For some reason, this produced a silence. A bird called loudly overhead. Tess gazed up at the sky. It had a slate color, a tinge of gray, as if one storm cloud had been ripped to pieces and mixed in with the blue. In Jeds it had the blue of turquoise, but in Jeds the other colors had not seemed so bright. A torn wisp of cloud clung to the horizon.

"Why did your brother send you overseas?" he asked.

She turned, astonished and irritated, to stare directly at him. "You don't trust me."

His lips tightened, and he reined his horse away from her so abruptly that it shied under the hard rein. He turned it downslope and let it have its head, Tess trailing behind.

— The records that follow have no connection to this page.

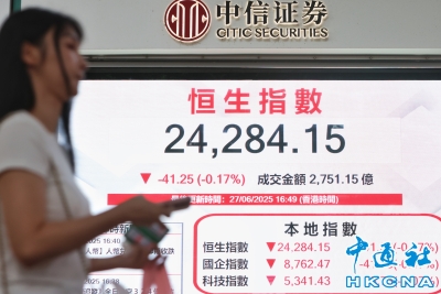 香港恒生指數跌41.25點 報24284.15點
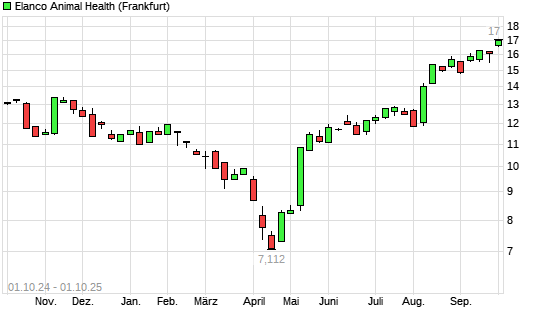 Mit dem Anstieg auf 17,10 EUR hat die Elanco Animal Health-Aktie (ISIN US28414H1032) am 30.09.2025 ein neues 12-Monats-Hoch erreicht und damit den Kurs vom 29.09.2025 eingestellt.Die Elanco ...weiterlesen
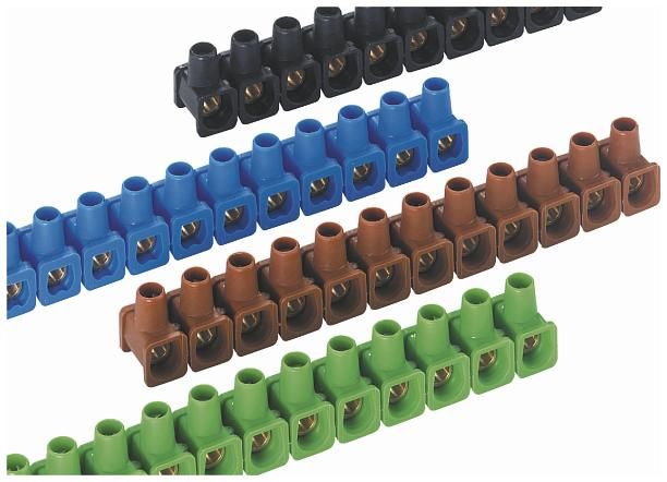Klemmen Messing, Schrauben Stahl, galvanisch verzinkt und transparent passiviert, 12-polige, in Einzelklemmen abtrennbare Leiste, beidseitig offen.
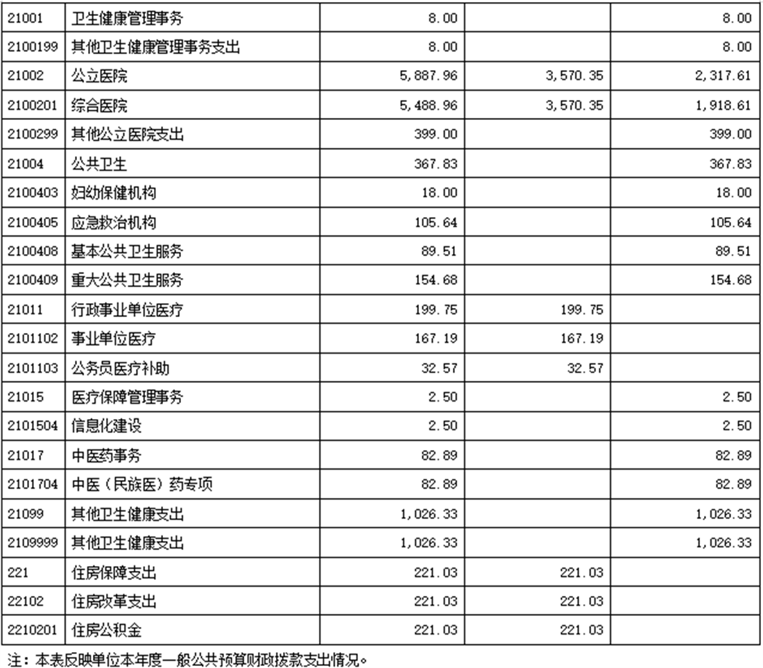 2024年度一般公共预算财政拨款支出8114.53万元,主要用于以下方面:社会保障和就业支出318.23万元,占3.92%;卫生健康支出7575.27万元,占93.35%;住房保障支出221.03万元,占2.72%。

She retreated immediately to the company of the young men that evening, and sat at the fire watching Mikhal and Fedya across from her as they sang a riddle song to an appreciative audience.

"Yuri, I'm hungry," she said peevishly, still annoyed and troubled by her afternoon's conversation. "Why can't we eat?"

Yuri sat with his arms curled around his one upright knee, staring morosely into the fire. "Didn't Ilya tell you? Tomorrow we come to zhapolaya, the sacred hill. We have many laws that we must follow at a holy place."